The center, the Beijing Institute of Genomics of the Chinese Academy of Sciences and other units, with the support of the Ministry of Science and Technology, the National Natural Science Foundation of China and Shanghai Municipality, jointly launched the "Sino-French Intestinal Metagenome Cooperation Project" with the French Academy of Agricultural Sciences, and 500 pairs have been completed.

Sample collection and physical examination of obese and healthy case-control populations are undergoing metabolomic and metagenomics analyses. This is currently the largest human microbiome population trial in the world.

Through this research, it is expected to discover some biomarkers related to the different development stages of metabolic syndrome in Chinese people, which is of great significance for curbing the rapid rise of obesity, diabetes and other metabolic diseases in China through early diagnosis and active nutritional intervention.

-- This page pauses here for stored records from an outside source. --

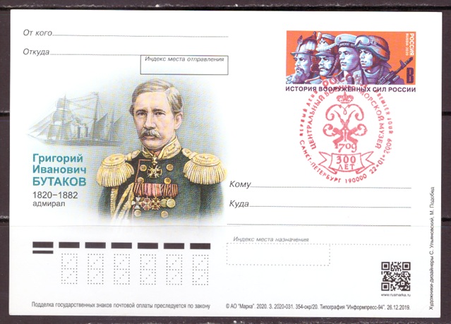ПК с ОМ и спецгашением Центральный военно-морской музей 300 лет, 22.01.2009 год. КРАСНЫЙ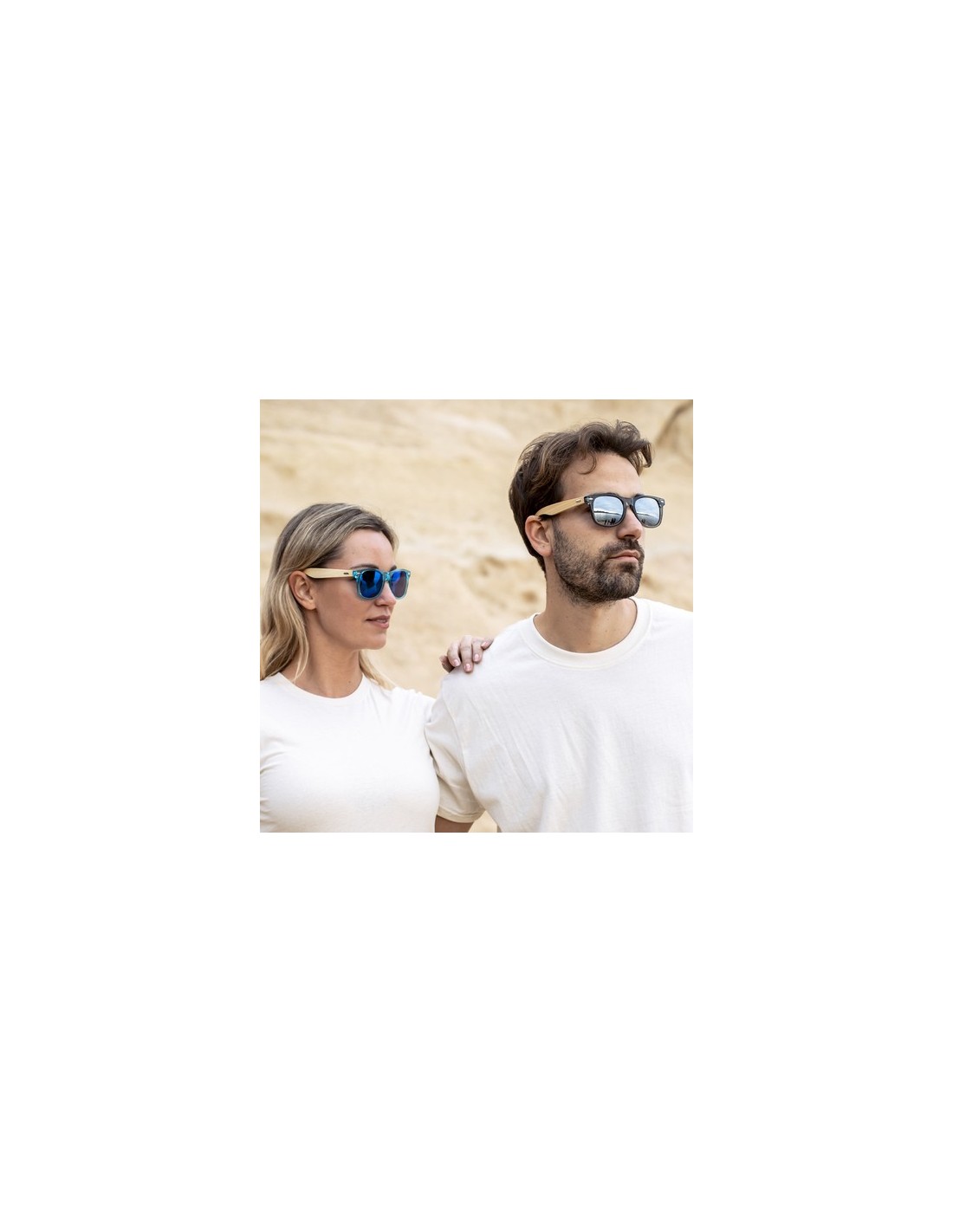 Gafas de sol fabricadas en bambú con protección UV400. Montura de colores a juego con los cristales en resistente material PC y patillas en bambú. Lentes AC (acetato de celulosa) acabado espejo de color, disponibles en variada gama de colores en combinación con la montura. Presentada en bolsa individual diseño eco.Materiales como el bambú fomentan la utilización de materias primas naturales, reduciendo las emisiones contaminantes. Proviene de una planta de gran resistencia y versatilidad, con crecimiento y regeneración rápidos, siendo una excelente alternativa al uso de madera tradicional. Lentes Efecto Espejo. Protección UV400 Composition : Bambú/ AC.
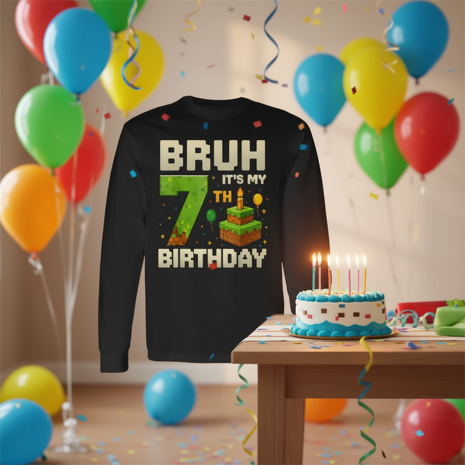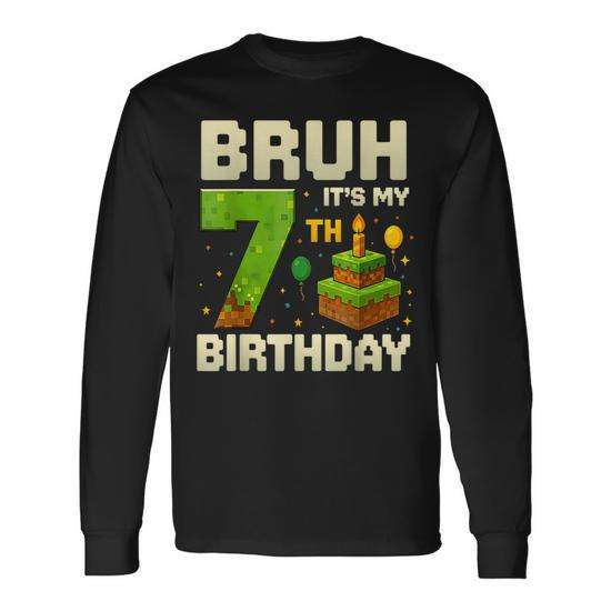 Maglietta a Maniche Lunghe con Stampa Pixel 'È il Mio 7° Compleanno' per Bambini di 7 Anni, Abbigliamento Promozionale Personalizzabile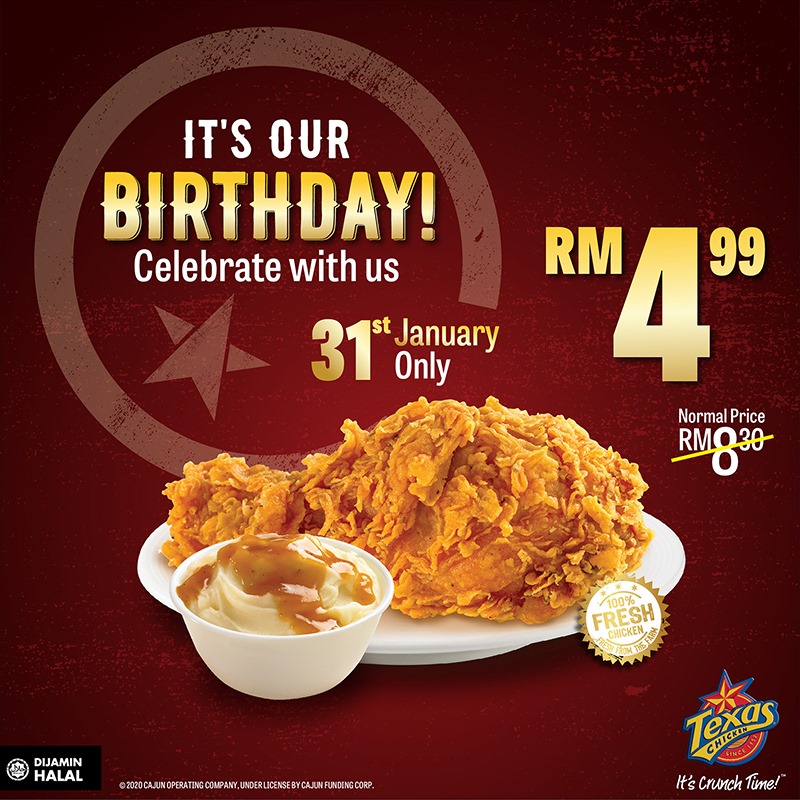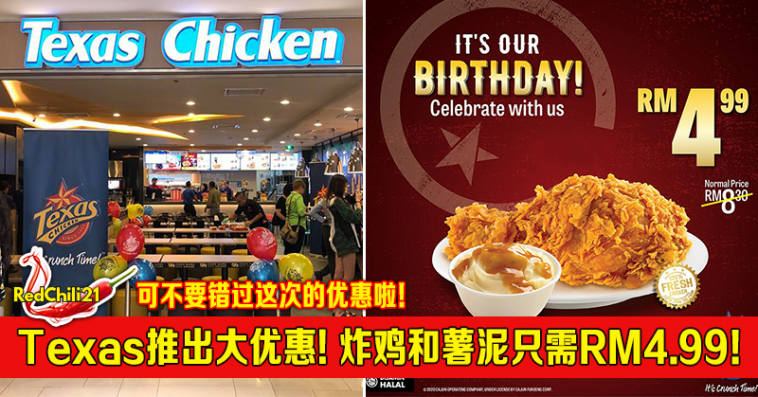 促销活动:Texas Chicken欢庆7周年推出一份炸鸡和薯泥只需RM4.99

It is worth mentioning that China has a unique advantage in carrying out human metagenomic research that other countries do not have, and that is traditional Chinese medicine with a long history.

It is difficult to change a person's genes, but it is relatively easy to change the composition of the microorganisms living in the human body, making the intestinal flora an ideal drug target.

Many drugs and therapies in traditional Chinese medicine are likely to work by changing the structure and metabolism of intestinal flora. Traditional Chinese medicine will undoubtedly play an important role in the study of the human microbiome.

Putting prevention first is the basic national policy to solve national health problems.